Output the data below only from the line containing "een ruime werk/slaapkamer" up to and including the line containing "Figure 8. Fractal", exact and with the pictures left out.

— EXTRACTED RECORDS —
****
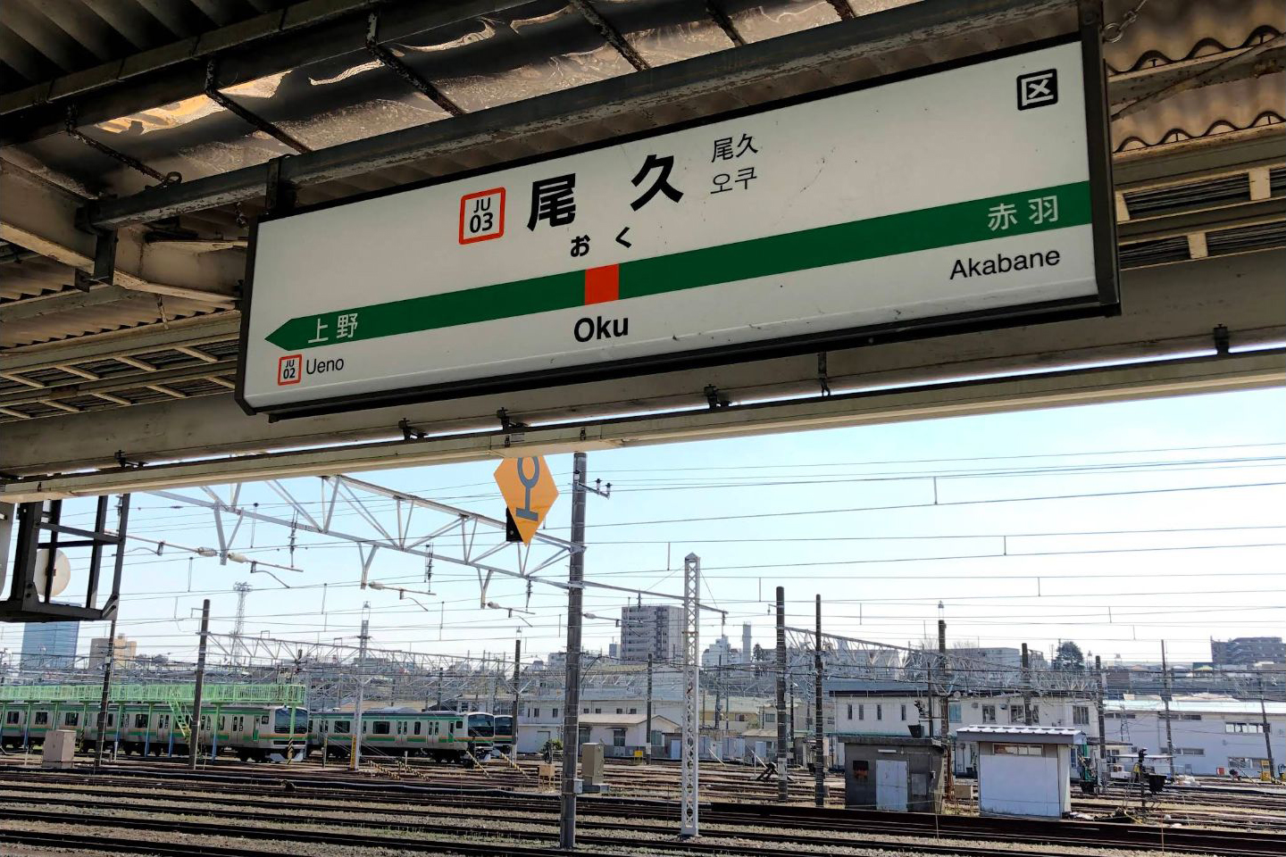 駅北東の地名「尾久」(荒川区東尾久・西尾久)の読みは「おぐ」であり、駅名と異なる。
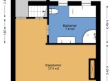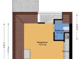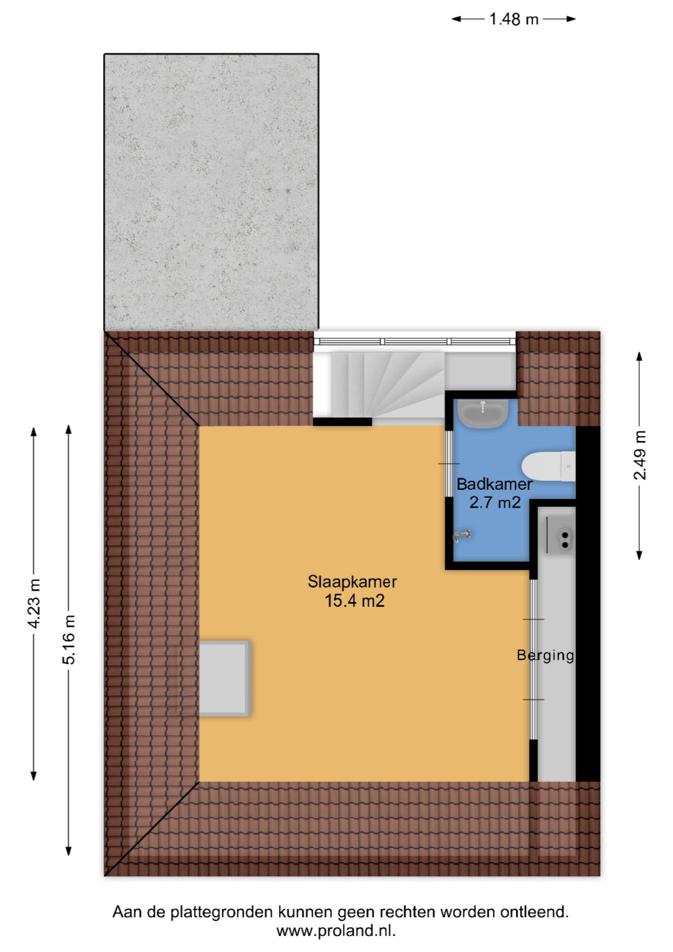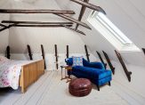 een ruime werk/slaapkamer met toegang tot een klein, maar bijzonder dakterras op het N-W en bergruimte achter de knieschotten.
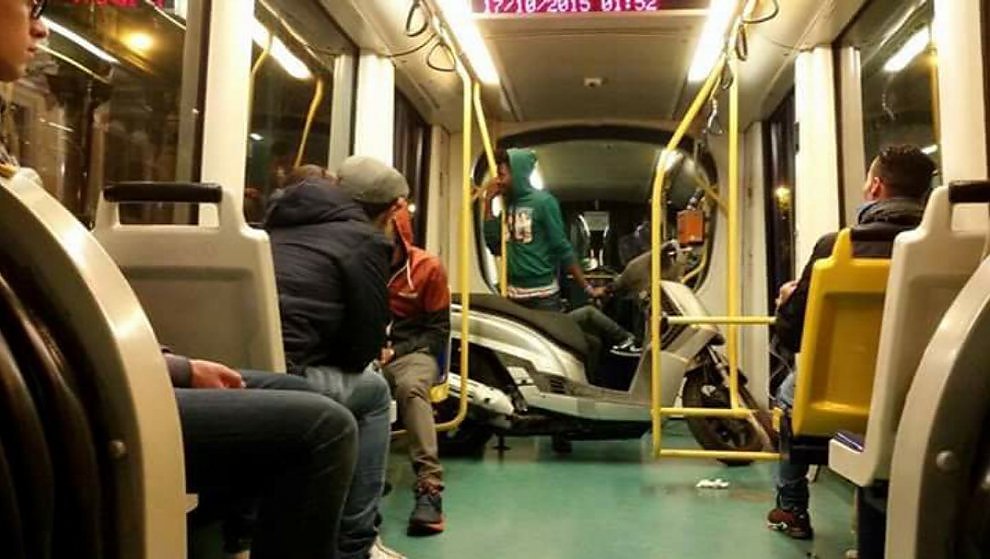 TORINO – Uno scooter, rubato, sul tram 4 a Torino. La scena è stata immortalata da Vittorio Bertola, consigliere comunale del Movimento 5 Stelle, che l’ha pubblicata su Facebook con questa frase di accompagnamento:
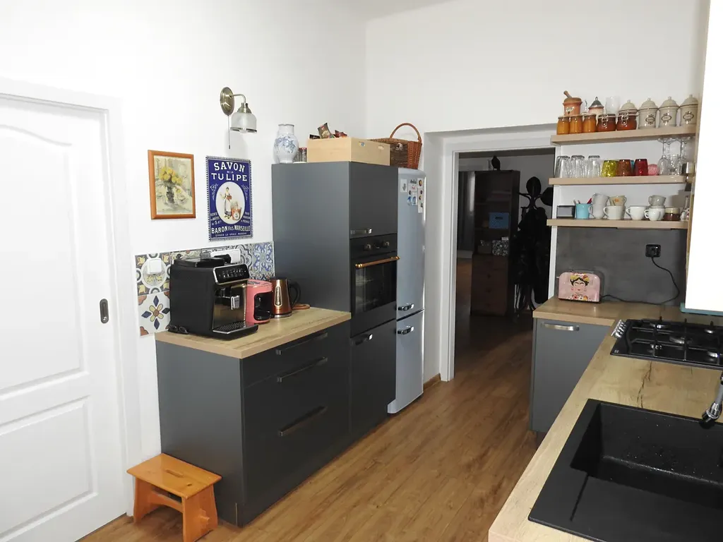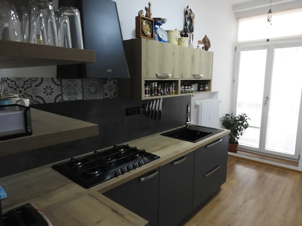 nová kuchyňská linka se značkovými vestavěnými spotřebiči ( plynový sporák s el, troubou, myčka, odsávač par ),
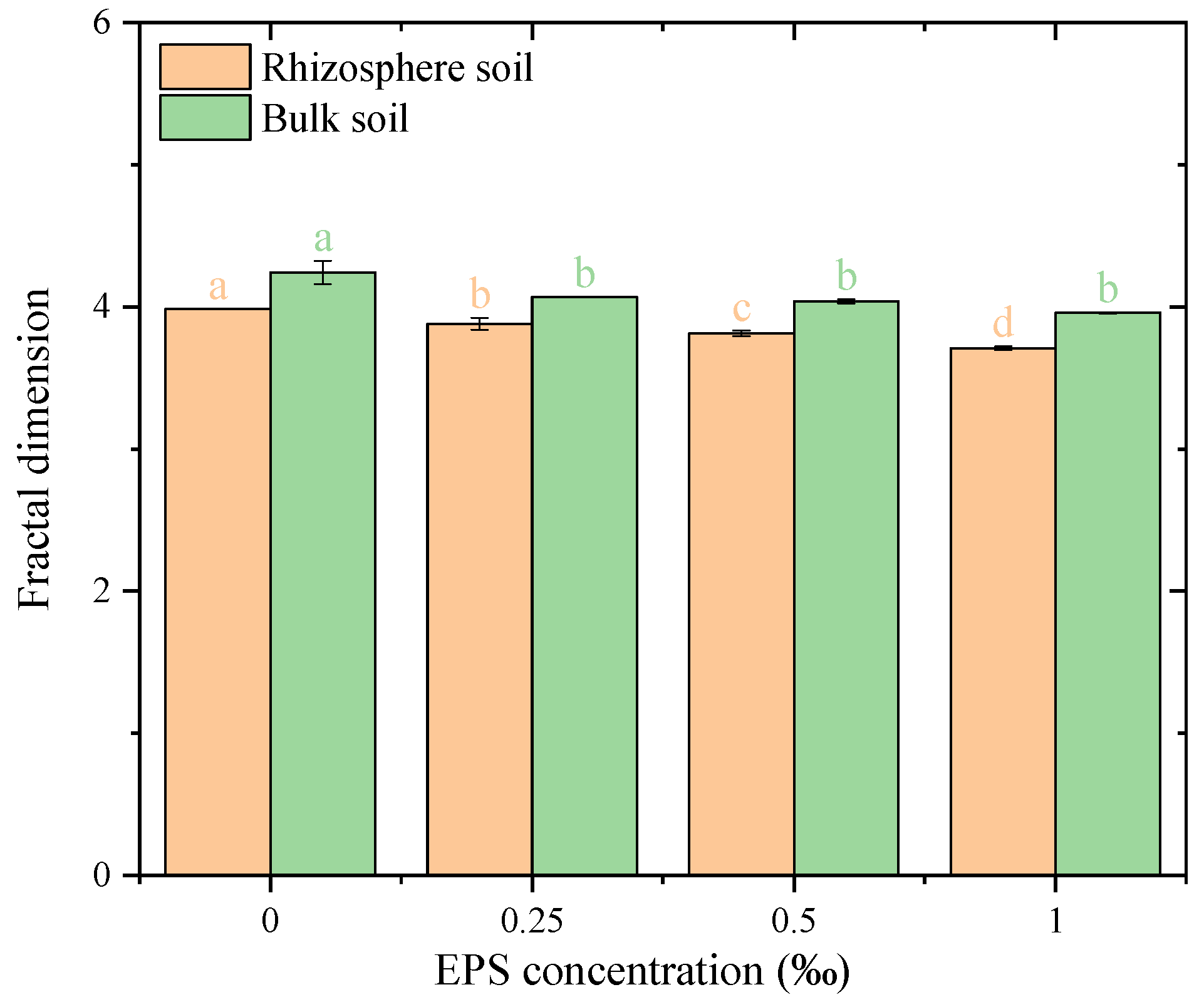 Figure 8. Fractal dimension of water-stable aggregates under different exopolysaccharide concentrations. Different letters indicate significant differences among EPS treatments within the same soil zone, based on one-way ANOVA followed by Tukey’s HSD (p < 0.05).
****
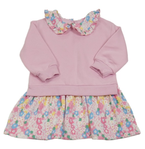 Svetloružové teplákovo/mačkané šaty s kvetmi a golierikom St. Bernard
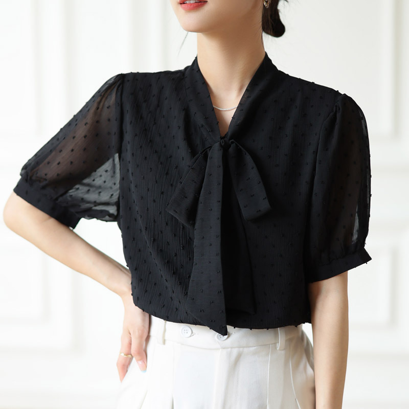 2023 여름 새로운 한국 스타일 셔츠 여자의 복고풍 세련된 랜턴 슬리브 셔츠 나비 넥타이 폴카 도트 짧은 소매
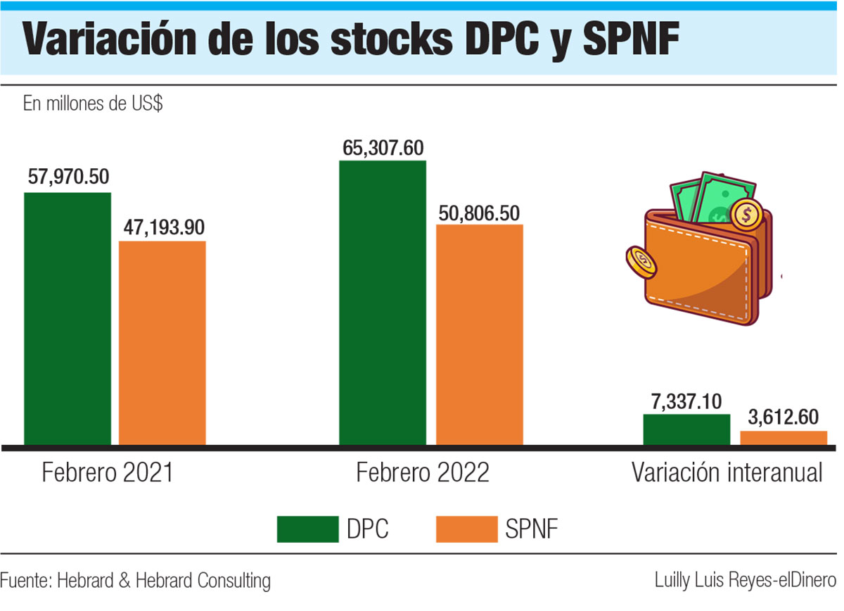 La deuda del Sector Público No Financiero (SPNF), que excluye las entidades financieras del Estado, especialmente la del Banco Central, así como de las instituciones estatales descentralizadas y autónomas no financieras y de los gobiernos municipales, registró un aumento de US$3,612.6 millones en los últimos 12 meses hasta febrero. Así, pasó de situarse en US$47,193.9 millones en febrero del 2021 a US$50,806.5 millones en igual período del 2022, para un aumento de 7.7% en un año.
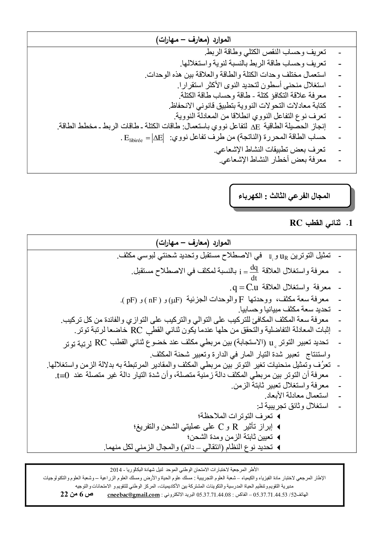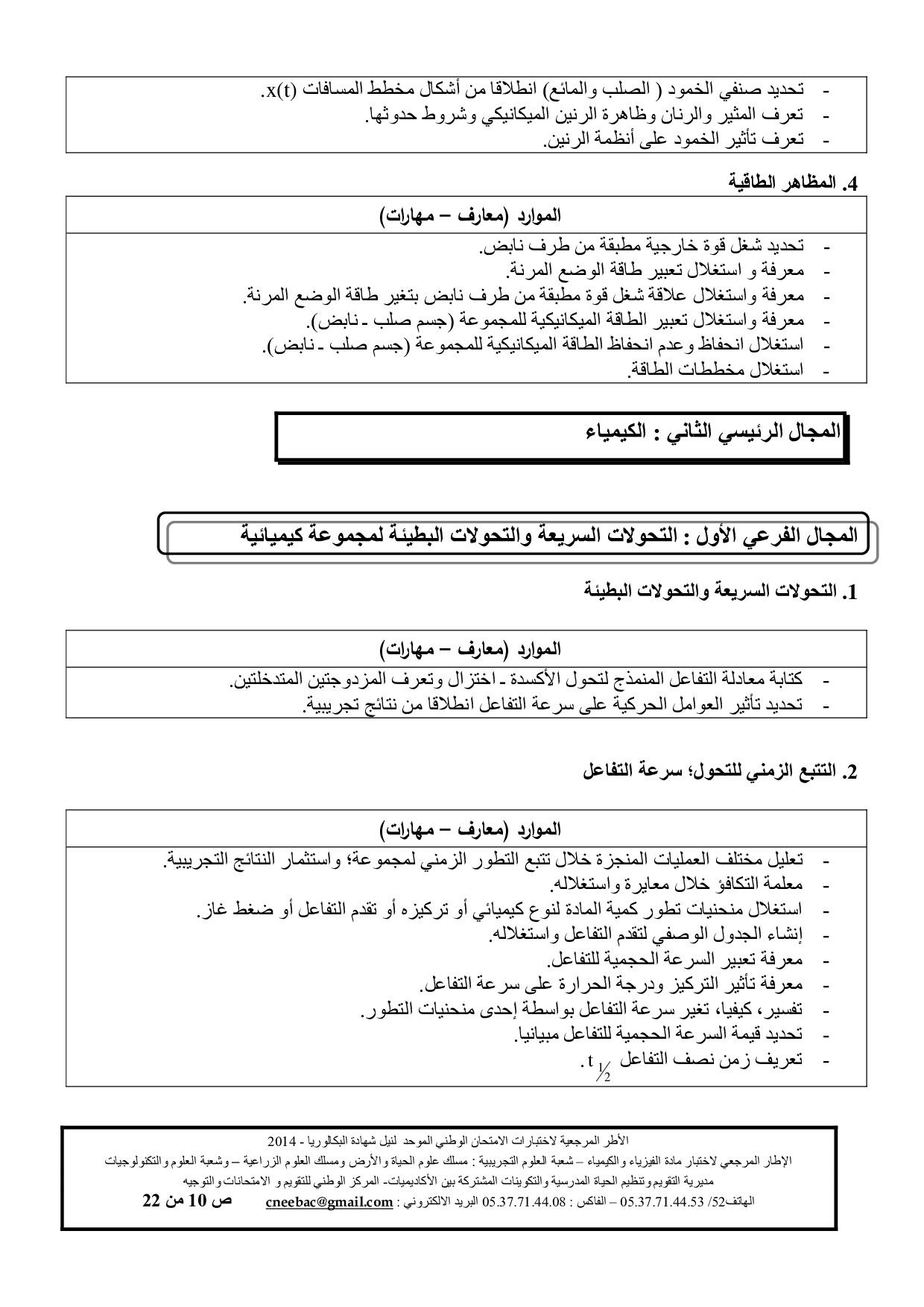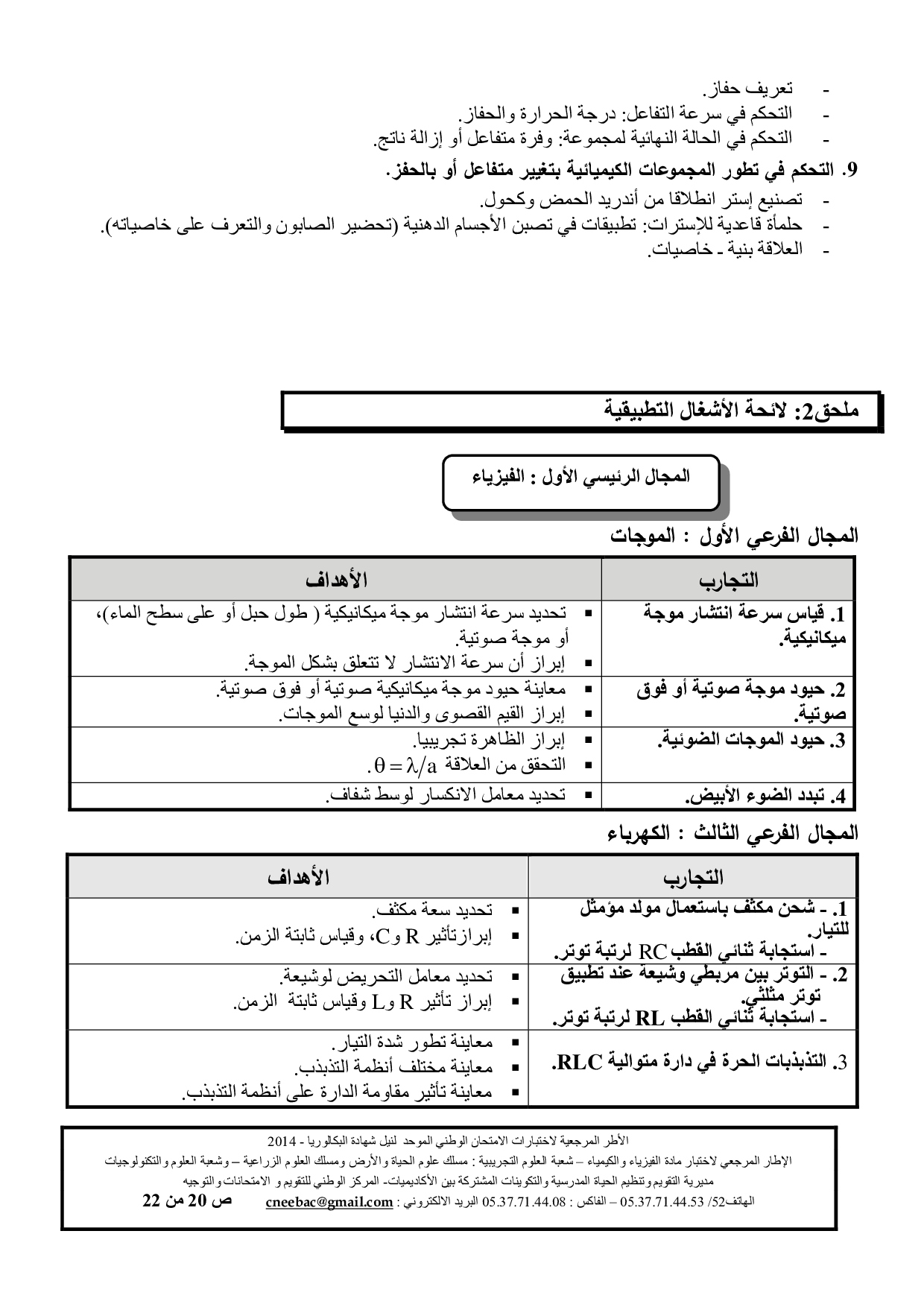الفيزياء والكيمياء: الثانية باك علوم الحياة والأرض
****
— TASK OUTPUT —
 een ruime werk/slaapkamer met toegang tot een klein, maar bijzonder dakterras op het N-W en bergruimte achter de knieschotten.
 TORINO – Uno scooter, rubato, sul tram 4 a Torino. La scena è stata immortalata da Vittorio Bertola, consigliere comunale del Movimento 5 Stelle, che l’ha pubblicata su Facebook con questa frase di accompagnamento:
 nová kuchyňská linka se značkovými vestavěnými spotřebiči ( plynový sporák s el, troubou, myčka, odsávač par ),
 Figure 8. Fractal dimension of water-stable aggregates under different exopolysaccharide concentrations. Different letters indicate significant differences among EPS treatments within the same soil zone, based on one-way ANOVA followed by Tukey’s HSD (p < 0.05).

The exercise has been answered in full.